Rey takes out her final elastic and her hair falls in waves around her shoulders. It's growing longer now. She shrugs her shoulders and my glance drops to where the shirt hangs down as it slides a little lower with her shrug.

"I changed my mind," she says.

I look up again. "You changed your mind about giving me the gift?" I hold back a smile.

"Yes." She grabs a pillow and hugs it tight, watching me from the opposite side of the bed. Did I do something wrong? She buries her chin in the pillow and backs further away. Is she scared? Should I put my shirt back on?

"I've never done anything like this before," she mumbles into her pillow, her cheeks flushing red. "I'm a little nervous."

I'm about to ask what she means, but I'm sure I know what she's talking about. My heart races. She's nervous. And I'm terrified. What if I hurt her somehow? Or she hates me afterwards? I close my eyes and repeat a mantra in my head that Uncle Luke taught me to say whenever I'm afraid.

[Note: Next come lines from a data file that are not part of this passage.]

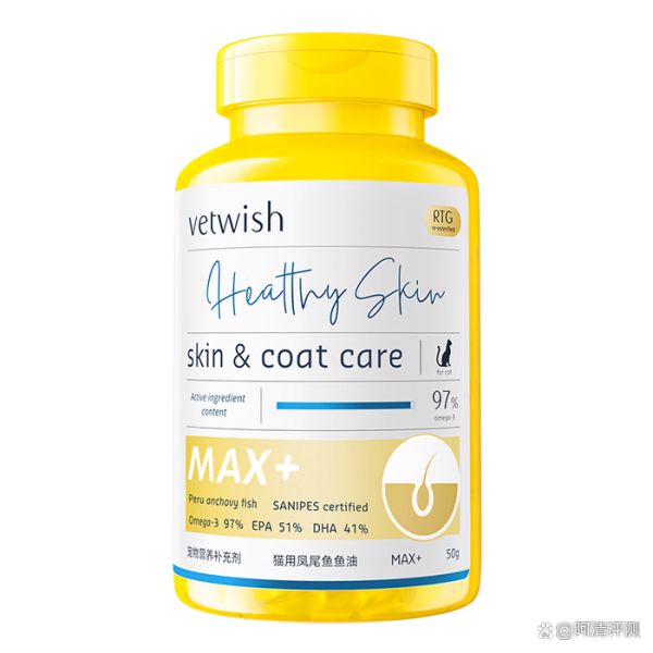 1、高純度Omega-3:這款VETWISH深海魚油Ω3的Omega-3含量高達(dá)97%,其中EPA含量為51%,DHA含量為41%。這種高純度的Omega-3能夠有效改善貓咪的毛發(fā)健康,讓毛發(fā)更加柔順亮澤。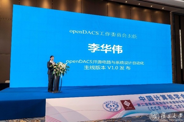 openDACS工作委员会主任、CCF DAC2021程序委员会主席、中科院计算所研究员李华伟代表工委会介绍了openDACS开源电路与系统设计自动化主线版本v1.0。(https://forgeplus.trustie.net/opendacs)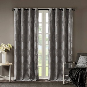 Combining luxe style with functionality, our Byron Ogee Knitted Jacquard Total Blackout Panel is the perfect update to dress any window. An ogee knitted jacquard design is featured in a rich hues, creating a luxurious sheen and texture. The heavy fabric uses a foamback and bonding finish enhancing the panel to block out all sunlight, provide a maximum protective barrier against noise intrusion, and offer a maximum level of privacy and energy savings. A silver grommet top finish makes it easy to hang, open, and close panels throughout the day; fits up to a 1.25" diameter rod. With 100% total blackout properties, this window panel is the perfect addition for bedrooms, media rooms, or any private spaces, giving your home a lavish and contemporary appeal. Lighting level: Pitch Black Ambiance.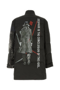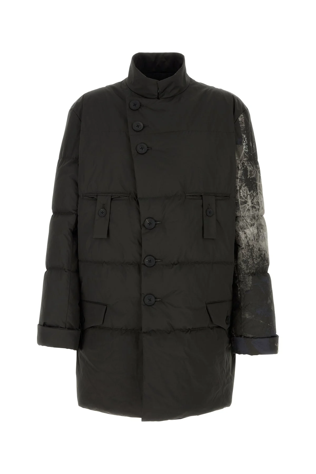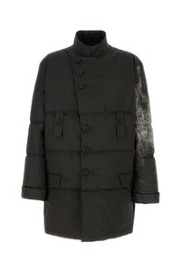 Padded jacket realized in quilted polyester characterized by peculiar print on the sleeve. - High collar - Buttons closure - Two slit pockets and two flap pockets at the front - Straps on the cuffs - Lined interior with two slit pockets DETAILS Dark brown polyester padded jacket Exterior: 100% Polyester Lining: 100% Cupro Padding: 100% Polyester Made in japan Sample size: 4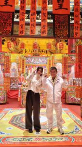 圖 左為慈護宮主委簡征潭,右為《Linking 368 Taiwan》主持人各務禮美奈,透過節目向世界推廣圓醮文化。(照片/製作單位提供)
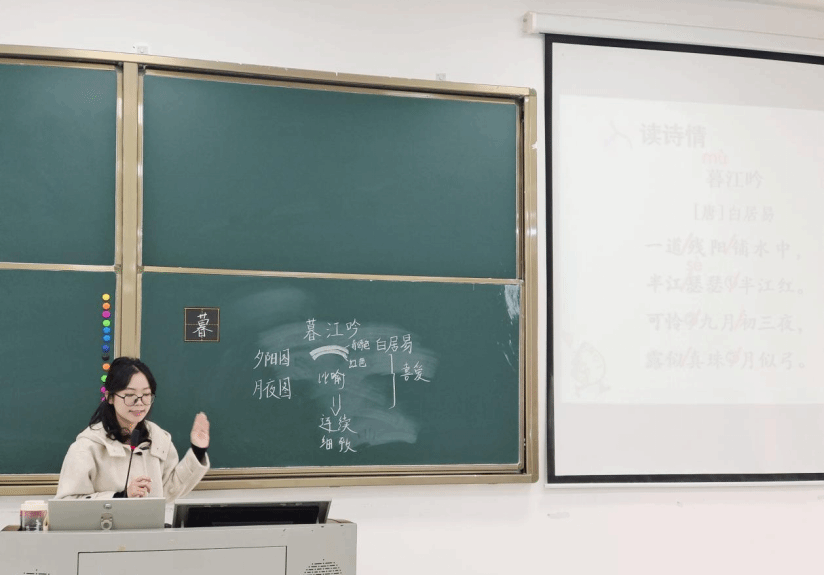24位参赛选手按照抽签顺序手依次上台,他们热情洋溢、激情澎湃地展现自己精彩纷呈的教学过程。他们的课堂衔接流畅自然,语调亲切,循循善诱。教学过程中展现出对现代多媒体技术与教学的高度融合,给我们带来了一场视觉与听觉双重震撼的盛宴。

Through the Force, I can do all things. Then I remember the last time I was here, on Yavin_4.

"I made a promise to you," I say to Rey. "When you were missing. I promised you that when I found you I'd bring you back to Yavin_4 and I wouldn't be afraid to love you." I say it more for my own sake than hers. She doesn't reply. I slide over closer to her and she immediately withdraws, her back hitting the stone wall behind her. I frown, my chest tight. She's scared of me.

"I won't touch you." I say, swallowing down the lump in my throat. "You can rest in the bed and I'll go for a walk, see if the rain has lifted."

Rey's shoulders drop and she begins to cry, so desperately that I suddenly can't breathe.

"You're going to disappear too." She sobs into her pillow. "Like my parents did."

"No-"

"You left me in the interrogation chair..." she cries harder. I clench my fists. She's right. I did. She has every right to hate me.